Mereka sering bersama; ketika temannya mendapatkan surat izin mengemudi, Pak Salam selalu bersamanya.

“Saya pergi ke doa saya setiap hari, dan dia pergi ke kuil setiap hari,” kata Pak Salam. “Dan saya dulu sangat menghormatinya karena itu.”

Beberapa tahun yang lalu, hal-hal mulai berubah. Pesan WhatsApp datang terlebih dahulu.

Editor mulai meneruskan kepada Pak Salam beberapa informasi salah tentang Muslim: misalnya, bahwa Muslim akan menguasai India dalam 20 tahun karena wanita mereka melahirkan setiap tahun dan laki-laki mereka diizinkan memiliki empat istri.

“Awalnya, saya berkata, ‘Mengapa kau ingin terlibat dalam semua ini?’ Saya pikir dia hanya seorang pria tua yang mendapat semua ini dan meneruskannya,” kata Pak Salam. “Saya memberinya manfaat keraguan.”

Titik puncaknya terjadi dua tahun yang lalu, ketika Yogi Adityanath, anak didik Modi, terpilih lagi sebagai pemimpin Uttar Pradesh, negara bagian yang padat penduduk di sebelah Delhi di mana keluarga Salam tinggal.
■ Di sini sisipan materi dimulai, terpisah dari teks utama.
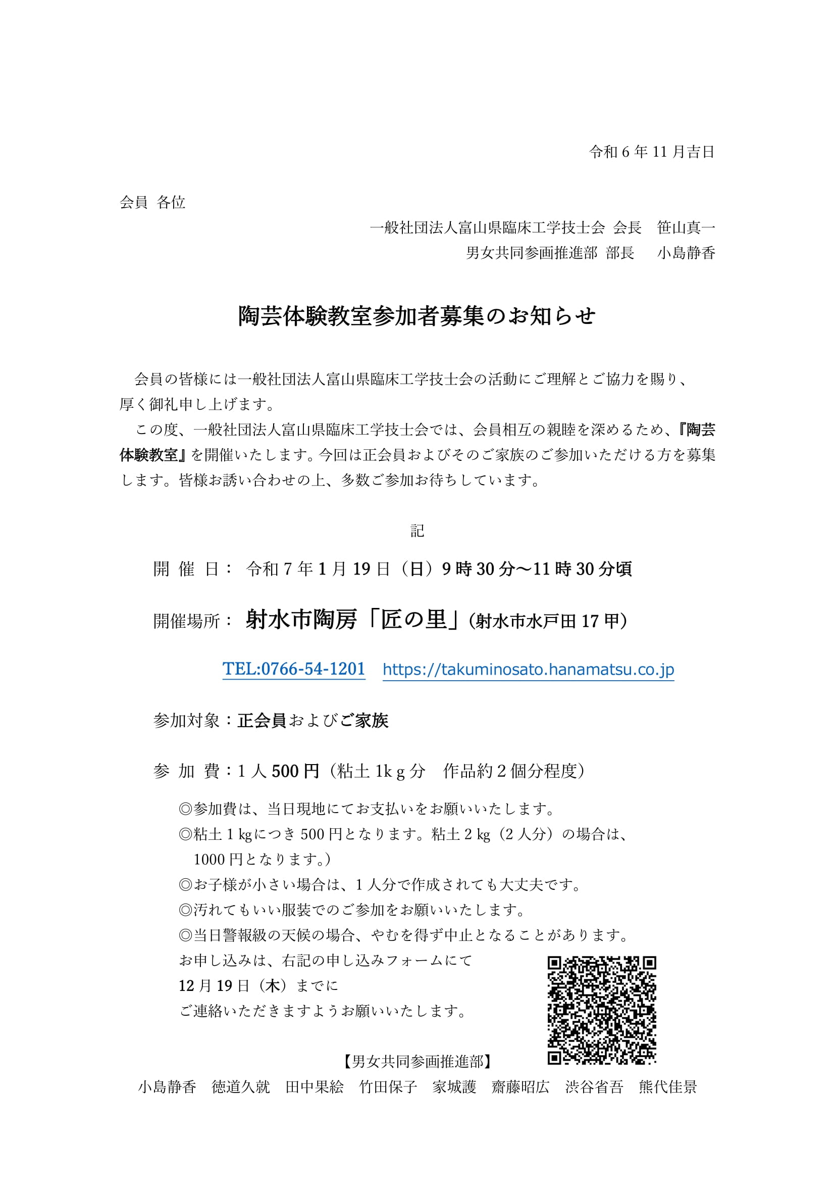 | 19日 | (Sun) | (一社)富山県臨床工学技士会 | 男女共同参画 陶芸教室 開催 |

Adityanath, yang lebih terbuka bersikap agresif daripada Modi kepada Muslim, menjalankan pemerintahan dalam jubah safron seorang biksu Hindu, sering menyambut kerumunan besar peziarah Hindu dengan bunga, sambil menindak tegas tampilan publik keimanan Muslim.

Pada hari penghitungan suara, teman itu terus menelepon Pak Salam, bersukacita karena Adityanath unggul. Hanya beberapa hari sebelumnya, teman itu sedang mengeluh tentang pengangguran yang meningkat dan kesulitan anak laki-lakinya untuk menemukan pekerjaan selama masa jabatan pertama Adityanath.

“Saya berkata, ‘Anda sangat senang sejak pagi, apa yang Anda dapatkan?’” kenangnya saat bertanya pada temannya.

“Yogi mengakhiri sholat Jumat,” jawab teman itu, merujuk pada sholat Muslim di hari Jumat yang sering meluap ke jalan-jalan.

“Itulah hari saya mengucapkan selamat tinggal,” kata Pak Salam, “dan dia tidak pernah kembali ke dalam hidup saya setelah itu.”